*** Begin section ***

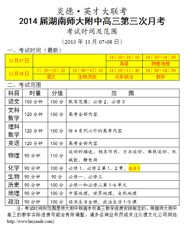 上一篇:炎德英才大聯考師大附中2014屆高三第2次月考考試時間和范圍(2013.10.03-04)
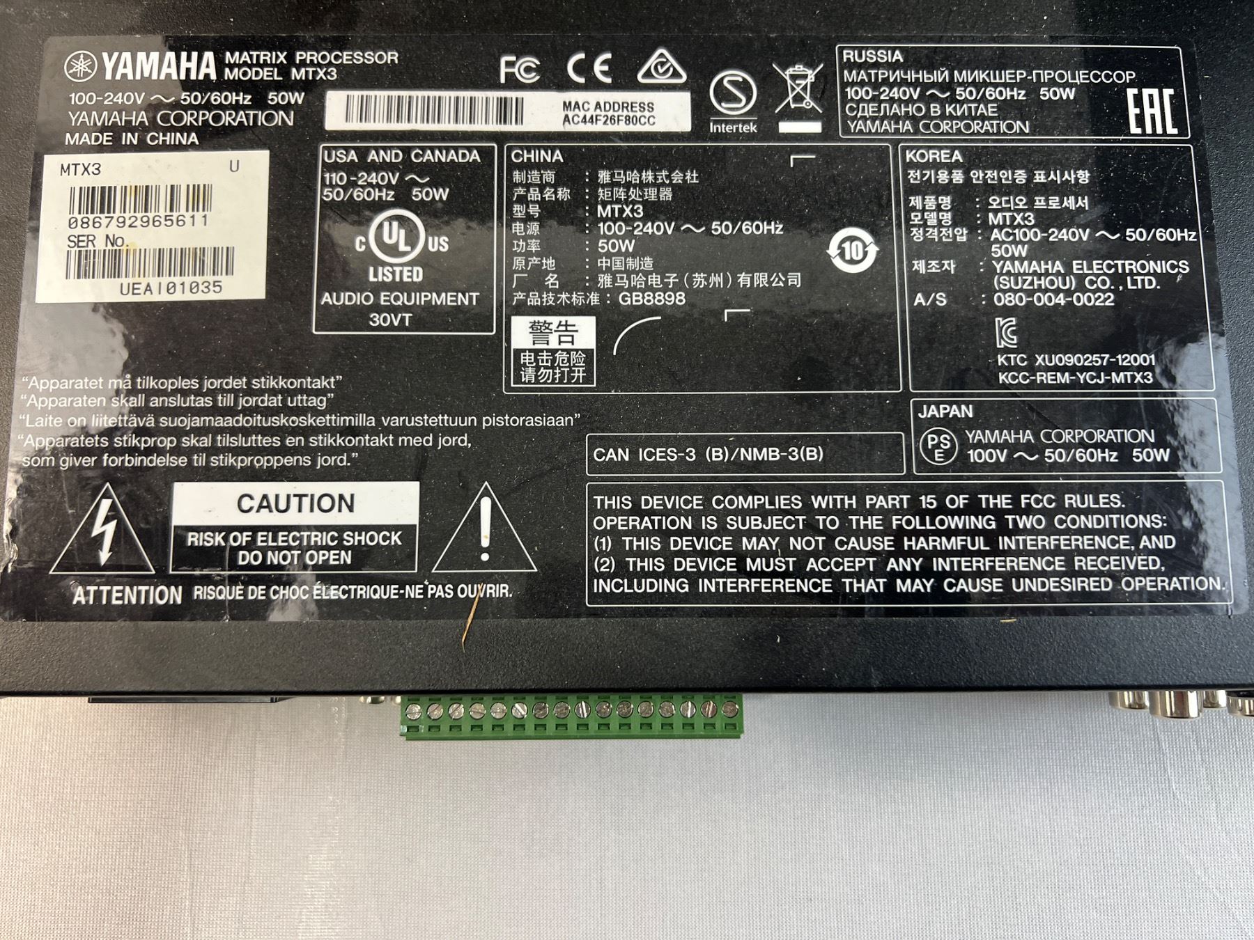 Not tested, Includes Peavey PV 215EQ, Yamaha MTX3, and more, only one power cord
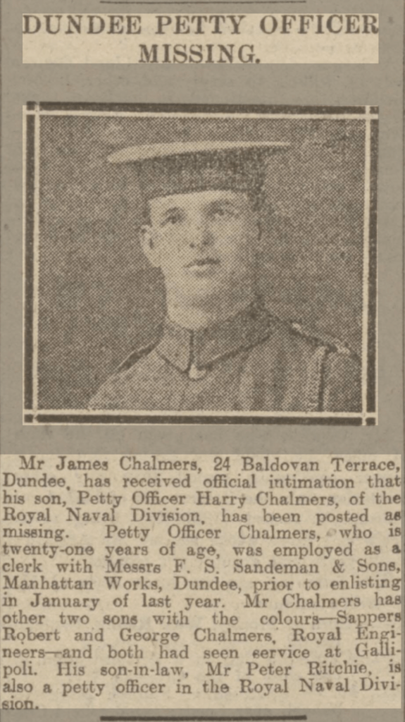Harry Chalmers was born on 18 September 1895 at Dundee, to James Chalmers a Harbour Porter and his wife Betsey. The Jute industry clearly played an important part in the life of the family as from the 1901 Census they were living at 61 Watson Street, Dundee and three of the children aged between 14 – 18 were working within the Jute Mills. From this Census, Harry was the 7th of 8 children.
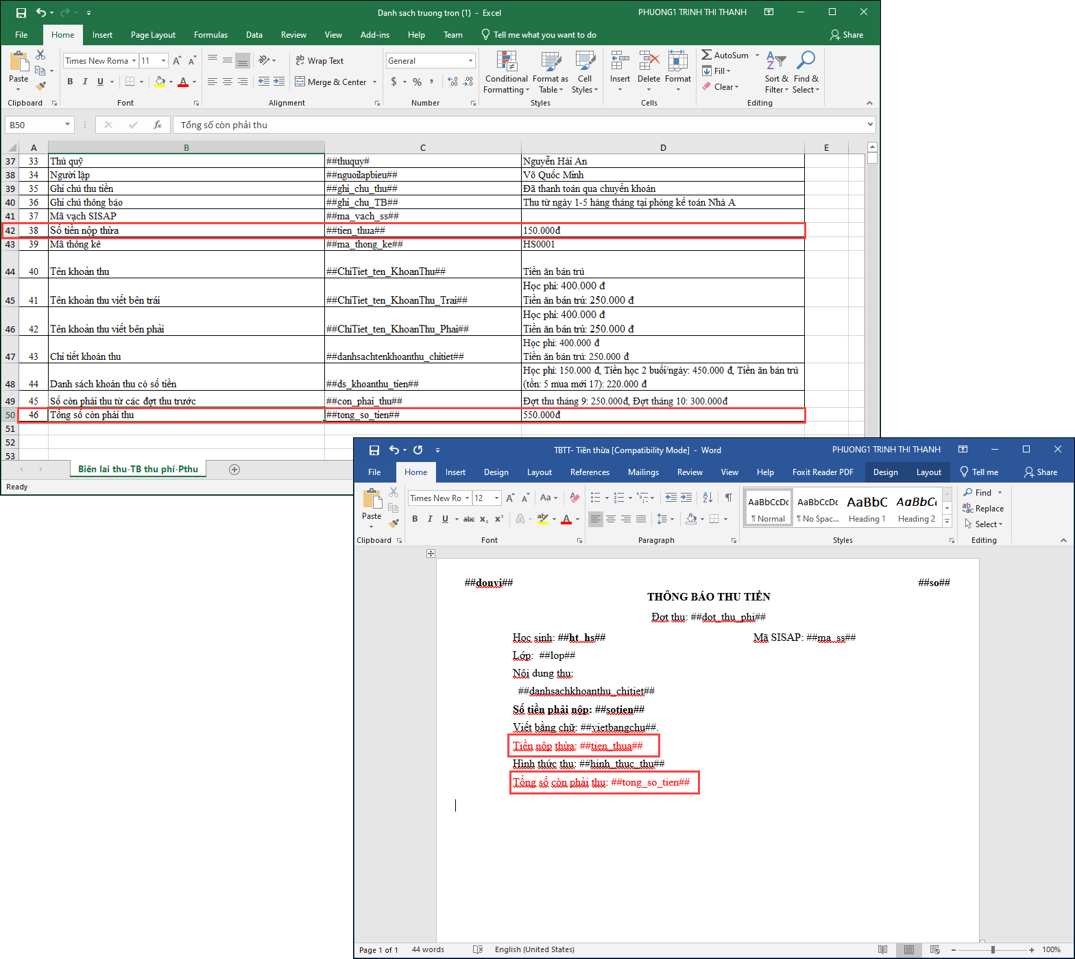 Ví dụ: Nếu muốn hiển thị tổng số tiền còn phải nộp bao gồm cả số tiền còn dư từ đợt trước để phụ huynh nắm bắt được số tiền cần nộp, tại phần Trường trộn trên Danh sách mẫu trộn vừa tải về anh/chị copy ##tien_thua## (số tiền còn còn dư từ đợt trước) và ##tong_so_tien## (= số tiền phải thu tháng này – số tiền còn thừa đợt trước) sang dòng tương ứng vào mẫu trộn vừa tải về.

*** End section ***
*** Begin section ***

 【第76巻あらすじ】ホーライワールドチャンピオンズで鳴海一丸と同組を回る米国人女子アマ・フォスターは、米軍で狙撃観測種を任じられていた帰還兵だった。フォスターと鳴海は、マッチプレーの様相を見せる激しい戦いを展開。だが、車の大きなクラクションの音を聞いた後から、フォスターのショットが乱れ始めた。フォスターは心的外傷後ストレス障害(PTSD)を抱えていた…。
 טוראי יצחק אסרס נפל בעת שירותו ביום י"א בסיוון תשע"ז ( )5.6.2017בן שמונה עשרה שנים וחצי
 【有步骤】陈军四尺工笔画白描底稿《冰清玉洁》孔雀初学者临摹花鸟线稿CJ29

*** End section ***

## [EXERCISE REQUIREMENTS]
Using the entries above, transcribe every line from the line containing "Not tested, Includes" through the line containing "Ví dụ: Nếu muốn". Do not copy pictures.

## [ANSWER SECTION]
 Not tested, Includes Peavey PV 215EQ, Yamaha MTX3, and more, only one power cord
Harry Chalmers was born on 18 September 1895 at Dundee, to James Chalmers a Harbour Porter and his wife Betsey. The Jute industry clearly played an important part in the life of the family as from the 1901 Census they were living at 61 Watson Street, Dundee and three of the children aged between 14 – 18 were working within the Jute Mills. From this Census, Harry was the 7th of 8 children.
 Ví dụ: Nếu muốn hiển thị tổng số tiền còn phải nộp bao gồm cả số tiền còn dư từ đợt trước để phụ huynh nắm bắt được số tiền cần nộp, tại phần Trường trộn trên Danh sách mẫu trộn vừa tải về anh/chị copy ##tien_thua## (số tiền còn còn dư từ đợt trước) và ##tong_so_tien## (= số tiền phải thu tháng này – số tiền còn thừa đợt trước) sang dòng tương ứng vào mẫu trộn vừa tải về.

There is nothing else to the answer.